2. Methods In the present work, we have performed x-ray magnetic circular dichroism (XMCD) and resonant inelastic x-ray scattering (RIXS) measurements on Mn-BaZn2As2 (\(x=0.3\), \(y=0.15\), \(T_{\text{C}} = 60\) K) single crystals. XMCD directly probes the ferromagnetic component of magnetic moments in the ground states and RIXS allows us to investigate electronic excitations with element specificity.

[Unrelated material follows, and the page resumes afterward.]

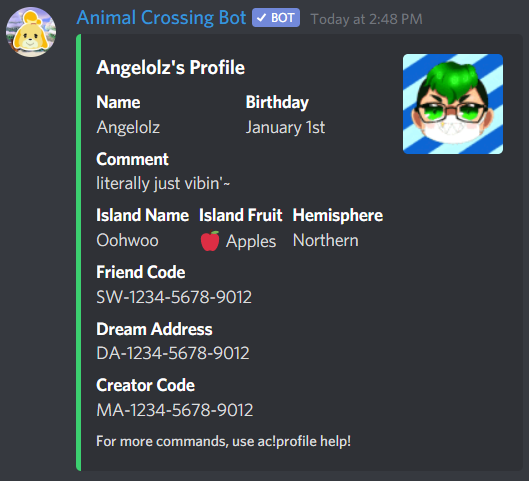 This bot is primarily focused on giving you useful tools for Animal Crossing: New Horizons. Features of this bot is shown below!

Here, we study the magnetic states and electronic configuration of Mn by utilizing x-ray photons around the Mn \(L_{2,3}\) edge.

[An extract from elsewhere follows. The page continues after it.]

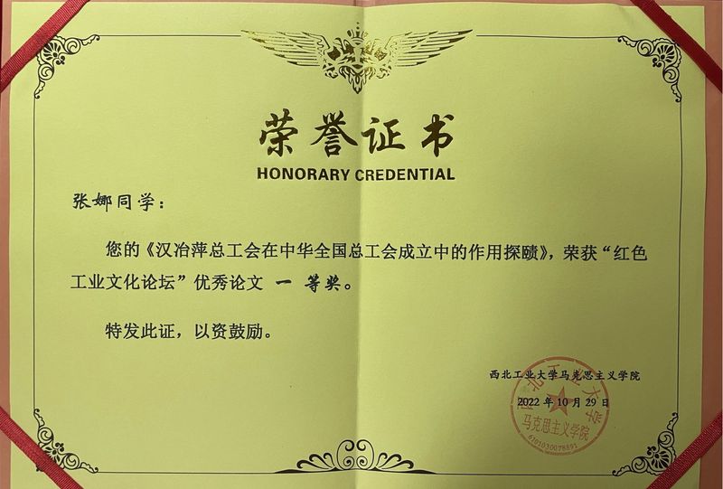 汉冶萍公司是近代早期中国最大的钢铁联合企业,汉冶萍总工会是当时全国最大的产业工会组织。张娜的论文探讨了汉冶萍总工会的成立,及其在中华全国总工会成立中所发挥的作用,有一定的理论意义,获得优秀论文一等奖。

Mn-BaZn2As2 single crystals were synthesized by the method reported in Ref. 20. XMCD measurements were performed at the Dragon Beamline BL-11A of Taiwan Light Source (TLS) at National Synchrotron Radiation Research Center (NSRRC), Taiwan. X-ray absorption spectroscopy (XAS) and XMCD spectra were taken at 30 K in the total-electron yield (TEY) mode with the probing depth of ∼5 nm. The XMCD spectrum was obtained by switching the direction of the external magnetic field (\(\pm 1\) T). The monochromator resolution was \(E/\Delta E>10000\). Single crystals oriented along the c-axis (\(2\,\text{mm}\times 2\,\text{mm}\)) were cleaved in situ prior to the measurements to obtain fresh surfaces. External magnetic field was applied along the c axis and the angle between the incident light and the magnetic field was 30°. RIXS measurements were performed at the undulator beamline BL-05A1 of TLS at NSRRC. The optical layout of the present RIXS system with an active-grating monochromator and an active-grating spectrometer designed for the efficient collection of inelastically scattered x-rays is described in Ref. 21. The zero energy loss line was determined from the peak position of the elastic scattering peak of reference polycrystalline carbon and the total energy resolution around the Mn \(L_{3}\) edge estimated from its full width half maximum was 80 meV (\(E/\Delta E\simeq 8000\)). The RIXS spectra were measured with two linear polarizations at 20 K. The polarizations of the scattered x-ray photons were not analyzed.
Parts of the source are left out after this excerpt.